Implement lossless dictionary encoding and decoding
Company: Amplitude
Role: Software Engineer
Category: Coding & Algorithms
Difficulty: medium
Interview Round: Technical Screen
Quick Answer: This question evaluates understanding of lossless dictionary-based compression, string tokenization, and mapping data structures for encoding and decoding tokens, within the Coding & Algorithms category.
Constraints
- Words are separated by commas; words themselves do not contain commas or a ':' character.
- An empty input string encodes to "" and decodes back to "".

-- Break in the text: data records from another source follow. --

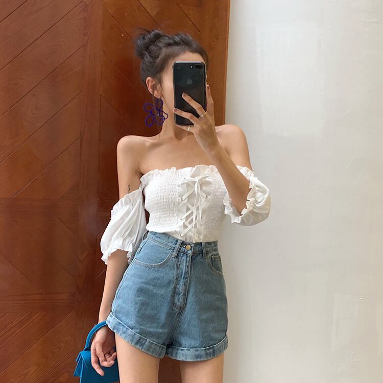 パフスリーブとレースアップが可愛い無地のトップスです!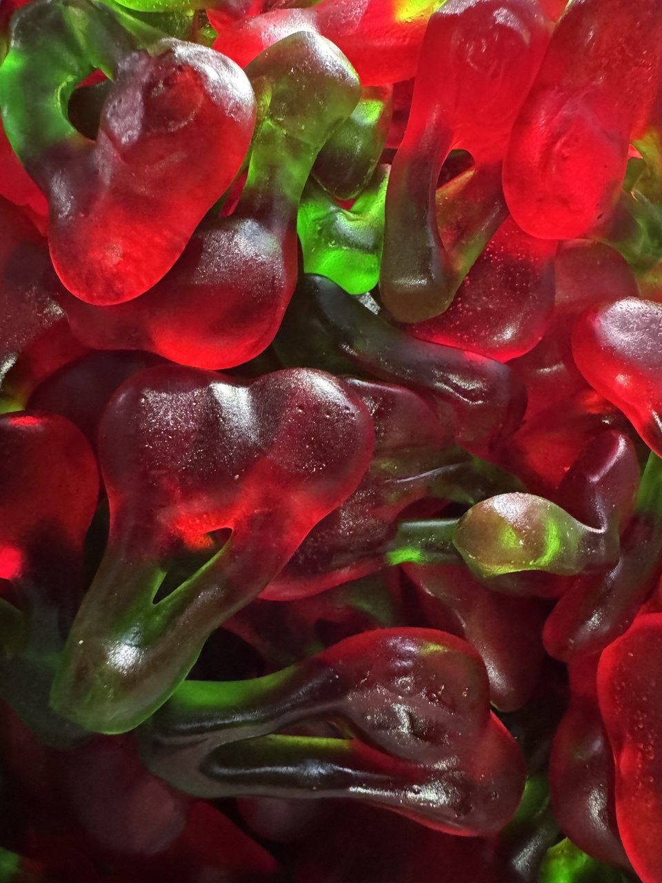 Glukosesirup, Zucker, Gelatine, Wasser, Feuchthaltemittel E420, Säuerungsmittel E330, E270, Säureregulator E325, Aromen, Überzugsmittel E901, E903, Farbstoffe: E102, E129, E133 (E102, E129 können die Aktivität und Aufmerksamkeit von Kindern beeinträchtigen).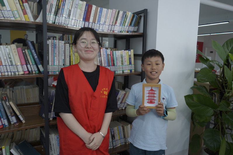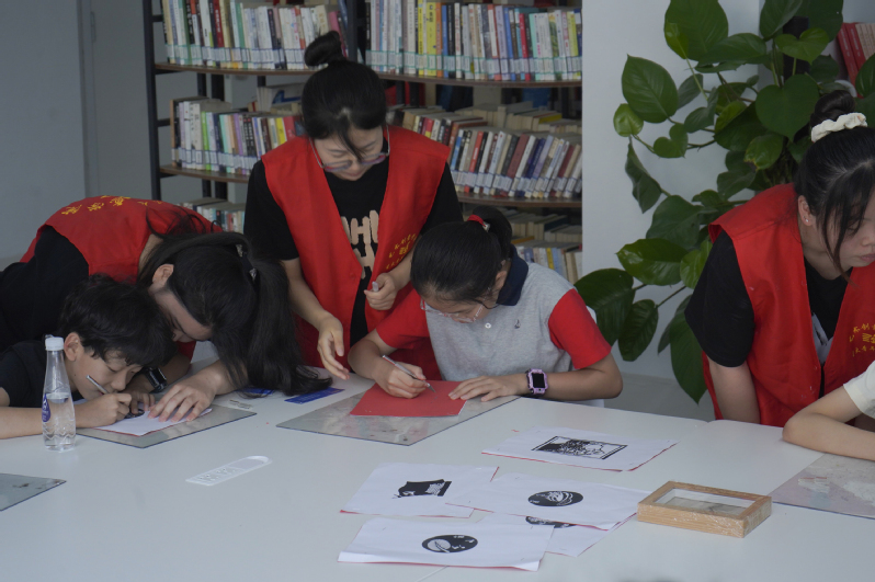 在非遗体验营中,老员工志愿者们还结合自己的专业特色,将国家级非遗项目金坛刻纸带到社区,让小朋友们感受非遗刻纸项目的魅力。在进行非遗刻纸项目体验前,老员工志愿者们还向社区青少年们介绍了刻纸技艺的历史和由来。考虑到小朋友们年龄较小,志愿者们还与小朋友们一一结对,耐心讲解刻纸刀的使用方法和刻纸步骤等。在志愿者大哥哥大姐姐们的帮助和耐心指导下,一幅幅栩栩如生的刻纸作品呈现在了小朋友们的面前。非遗文化蕴含着中华民族博大精深的文化内涵,是我们祖先一百多个民族的智慧结晶,将非遗项目金坛刻纸引入夏令营课堂,有利于帮助小朋友们了解非遗、体验非遗、爱上非遗,传承中华优秀传统文化。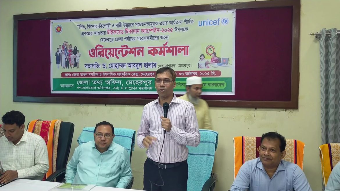 শিশু, কিশোর ও নারী উন্নয়নে সচেতনতামূলক প্রচার কার্যক্রম শীর্ষক প্রকল্পের আওতায় ‘টাইফয়েড টিকাদান ক্যাম্পেইন ২০২৫’ উপলক্ষে জেলা পর্যায়ের সাংবাদিকদের জন্য এক ওরিয়েন্টেশন কর্মশালা অনুষ্ঠিত হয়েছে। সোমবার সকাল সাড়ে ১০টার দিকে মেহেরপুর ইসলামিক ফাউন্ডেশনের সভাকক্ষে এ কর্মশালার আয়োজন করা হয়।

- The dictionary lists unique words in order of first appearance, indexed from 0.
- The decoder may use only the compressed string — no side-channel data.
- Encoding must be lossless: decode(encode(x)) == x for every valid input.
Examples
Input: ("USA,USA,USA,USA,Mexico,Canada,Mexico,Mexico,Mexico",)
Expected Output: ['USA,Mexico,Canada:0,0,0,0,1,2,1,1,1', 'USA,USA,USA,USA,Mexico,Canada,Mexico,Mexico,Mexico']
Explanation: Three unique words (USA, Mexico, Canada) get indices 0, 1, 2. The index list mirrors the original order, and decoding rebuilds the exact original string.
Input: ("",)
Expected Output: ['', '']
Explanation: Empty input encodes to an empty compressed string and decodes back to empty.
Input: ("hello",)
Expected Output: ['hello:0', 'hello']
Explanation: A single word becomes dictionary 'hello' with index list '0'.
Input: ("a,b,a,b,a",)
Expected Output: ['a,b:0,1,0,1,0', 'a,b,a,b,a']
Explanation: Two alternating words; the dictionary is 'a,b' and the index list captures the alternation, decoding losslessly.
Input: ("dog,cat,bird,fish",)
Expected Output: ['dog,cat,bird,fish:0,1,2,3', 'dog,cat,bird,fish']
Explanation: All words unique, so the dictionary equals the input and indices count up 0..3.
Input: ("x,x,x",)
Expected Output: ['x:0,0,0', 'x,x,x']
Explanation: A single repeated word collapses the dictionary to 'x' while the index list keeps three zeros to preserve the original length.
Hints
- For encode, keep a hash map from word -> assigned index and a parallel list (the dictionary) in first-appearance order. Append str(index) for every word.
- Split the compressed string on the FIRST ':' only, so the dictionary part and the index part stay separate even though both contain commas.
- In decode, convert each index token to an int and look it up in the dictionary list, then join the looked-up words with commas.
- Guard the empty-string case explicitly in both directions before splitting.